**Data provided:**
------------
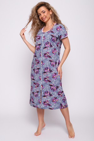 Халат женский из хлопковой кулирки на молнии. рукав - спущенное плечо, два боковых кармана.
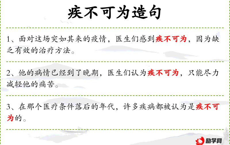 7. 【疾不可为】 疾:病;为:治。病已不可医治。比喻已到了绝境。
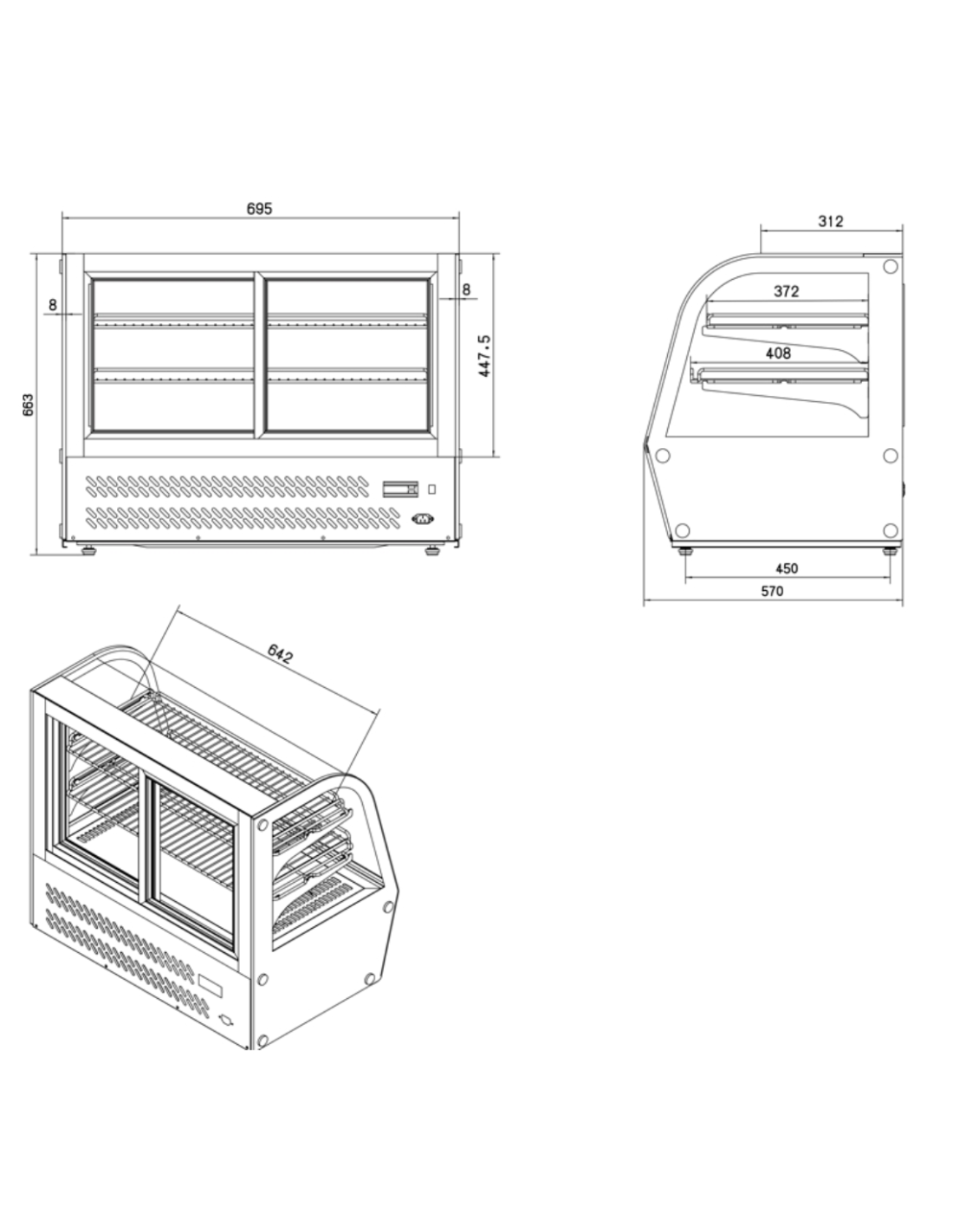 Gracias a la geometría interior y al sistema de refrigeración ventilada, el frío se distribuye de forma uniforme por todos los niveles de exposición, manteniendo una temperatura homogénea entre 3 y 8 °C. Esto garantiza que los alimentos se conserven en perfectas condiciones y listos para su consumo.
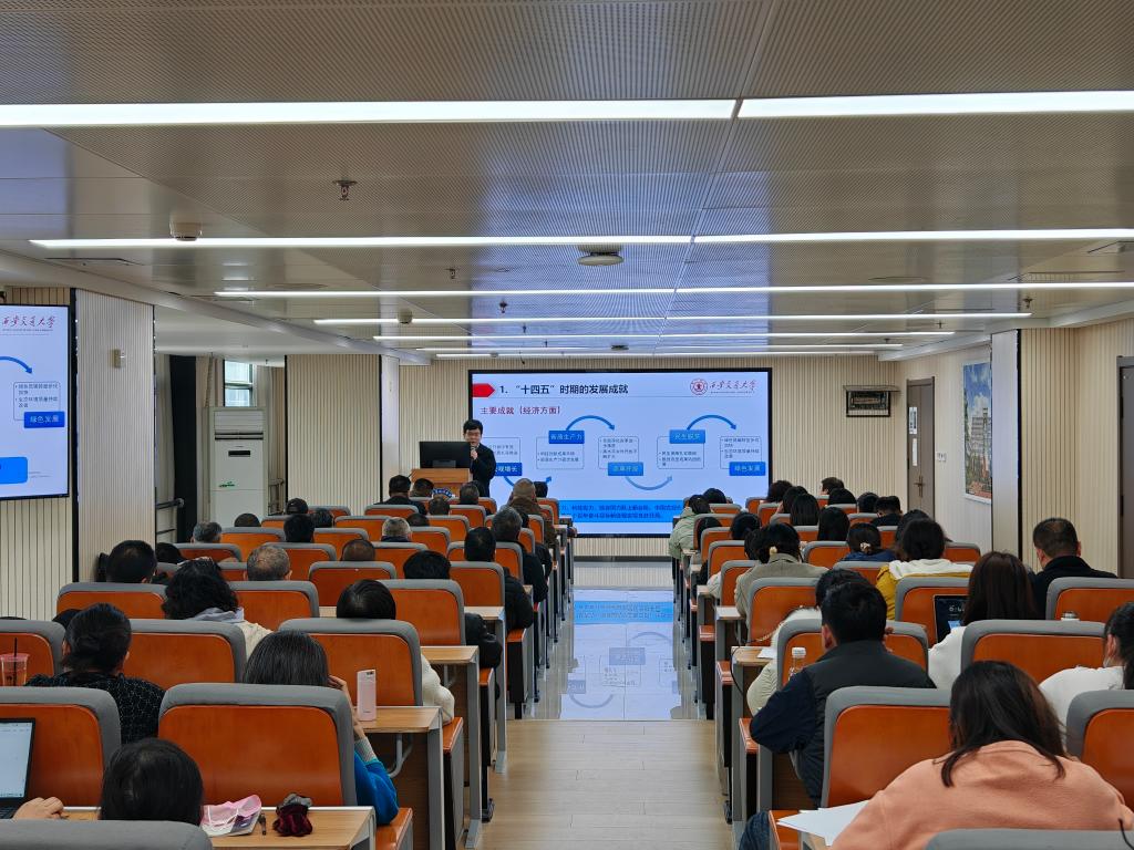 在专题报告环节,刘航以《对中共中央关于“十五五”规划建议的解读与思考》为题,结合党的二十届四中全会公报内容,系统梳理了国家在“十四五”时期的发展成就,深入阐释了党中央对于“十五五”时期的历史方位与指导思想,并围绕现代化产业体系、高水平科技自立自强、强大国内市场建设等关键任务展开解读。他表示,构建高水平社会主义市场经济体制是推动高质量发展的核心动力,并具体阐述了其在发展质量、资源配置与动员能力方面的系统优势。整场报告逻辑严密、内容翔实,为与会人员深刻把握党的二十届四中全会的精神实质和核心要义提供了重要指导。
------------
**Problem to work on:** Word for word, restate the lines from the line containing "7. 【疾不可为】 疾:病;为:治。病已不可医治。比喻已到了绝境。" through the end of the data, including the first and last of them. Pictures stay out.

**Task result:**
 7. 【疾不可为】 疾:病;为:治。病已不可医治。比喻已到了绝境。
 Gracias a la geometría interior y al sistema de refrigeración ventilada, el frío se distribuye de forma uniforme por todos los niveles de exposición, manteniendo una temperatura homogénea entre 3 y 8 °C. Esto garantiza que los alimentos se conserven en perfectas condiciones y listos para su consumo.
 在专题报告环节,刘航以《对中共中央关于“十五五”规划建议的解读与思考》为题,结合党的二十届四中全会公报内容,系统梳理了国家在“十四五”时期的发展成就,深入阐释了党中央对于“十五五”时期的历史方位与指导思想,并围绕现代化产业体系、高水平科技自立自强、强大国内市场建设等关键任务展开解读。他表示,构建高水平社会主义市场经济体制是推动高质量发展的核心动力,并具体阐述了其在发展质量、资源配置与动员能力方面的系统优势。整场报告逻辑严密、内容翔实,为与会人员深刻把握党的二十届四中全会的精神实质和核心要义提供了重要指导。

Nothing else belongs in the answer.